Calcutta, May 16: Adani Ports has agreed to acquire a 100 per cent stake in Dhamra Port from Tata Steel and L&T Infrastructure Development Projects at an enterprise value of Rs 5,500 crore.
“The Dhamra port acquisition now gives us an opportunity to replicate the development and phenomenal growth of the Mundra port on the eastern coast of India and, thereby, continue to execute our pan-India strategy,” Adani group chairman Gautam Adani said.
A 50:50 joint venture between L&T Infrastructure and Tata Steel, Dhamra Port (DPCL) was commissioned in May 2011 and has two fully mechanised berths.
Located in the Bhadrak district of Odisha, the port is strategically placed between Haldia and Paradip ports.
In 2013-14, the port registered a 30 per cent growth in cargo-handling at 14.3 million tonnes (mt).
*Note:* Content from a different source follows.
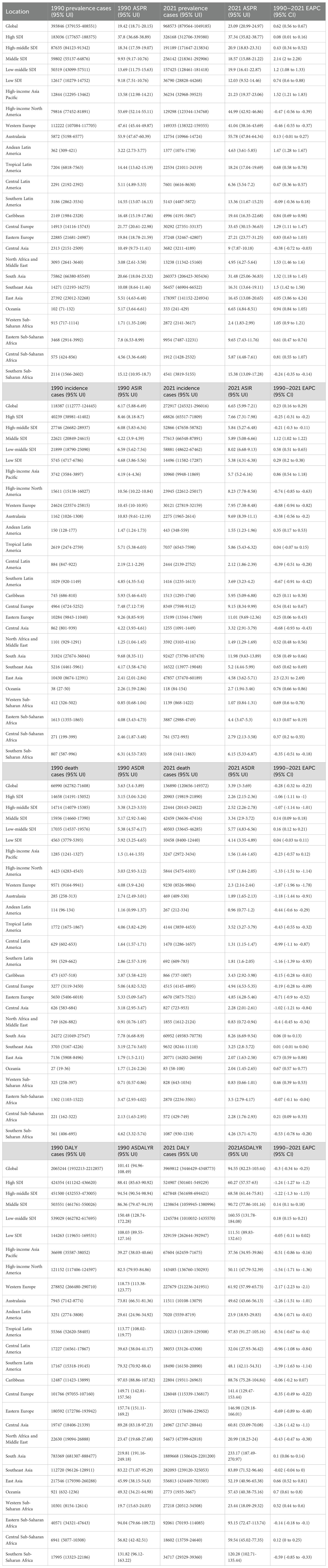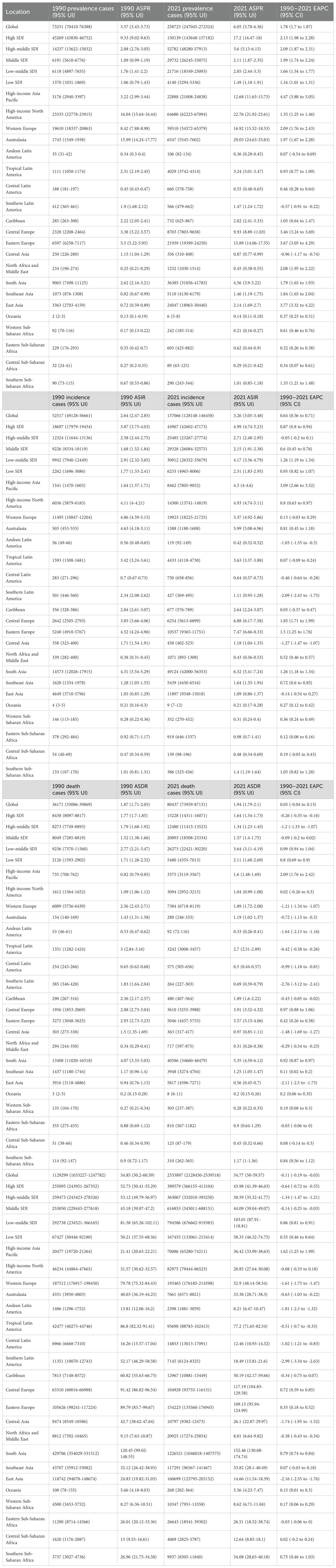 Table 2. Global and regional trends in nasopharynx cancer burden: Prevalence, incidence, mortality, and disability-adjusted life years (1990-2021).

At present, the Adani group owns and operates five ports in Mundra, Dahej, Hazira, Goa and Vizag. It is also developing ports at Kandla and Ennore.
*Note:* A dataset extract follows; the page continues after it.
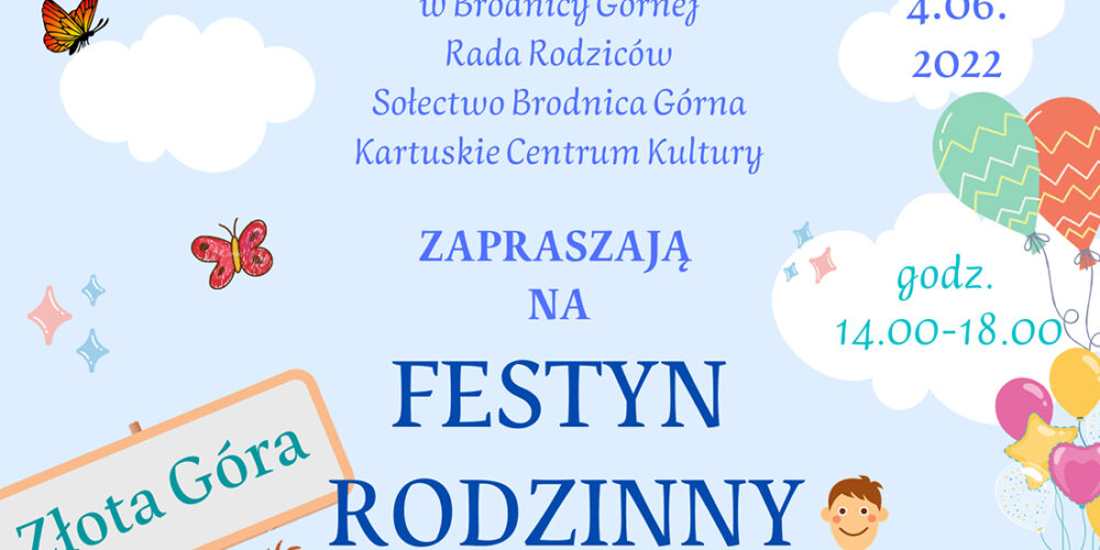 Już w najbliższą sobotę najmłodsi i ich rodziny z Brodnicy Górnej, Kartuz i okolic będą mogli miło spędzić czas na Festynie Rodzinnym z okazji Dnia Dziecka, który odbędzie się na Złotej Górze – rozpoczęcie imprezy zaplanowano na godzinę 14. Na scenie wystąpią m. in. dzieci ze szkoły w Brodnicy Górnej – „Music Kids” i „Skarb Złotej Góry”, przewidziany jest również występ zespołu „Abba Show” i wiele innych atrakcji. Zobacz plakat wydarzenia!

DPCL has received environmental clearance to develop 12 additional berths, which will increase the port’s capacity by 75mt per annum from 25mt.
Adani Ports today said work on the second phase would be initiated within 90 days and was likely to be completed in 30 months.
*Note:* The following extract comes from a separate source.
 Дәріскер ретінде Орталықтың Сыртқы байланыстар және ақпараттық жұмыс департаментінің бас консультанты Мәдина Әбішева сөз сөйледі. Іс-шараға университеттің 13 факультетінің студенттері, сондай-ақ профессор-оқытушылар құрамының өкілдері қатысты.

The scrips of Ahmedabad based Adani Group companies today surged on a clear mandate given by the voters to the BJP-led NDA.
While stocks of Adani Enterprises were up 6.06 per cent, the scrips of Adani Ports and Special Economic Zone (APSEZ) and Adani Power were up 1.95 per cent and 1.27 per cent, respectively, over the previous day’s close on the Bombay Stock Exchange.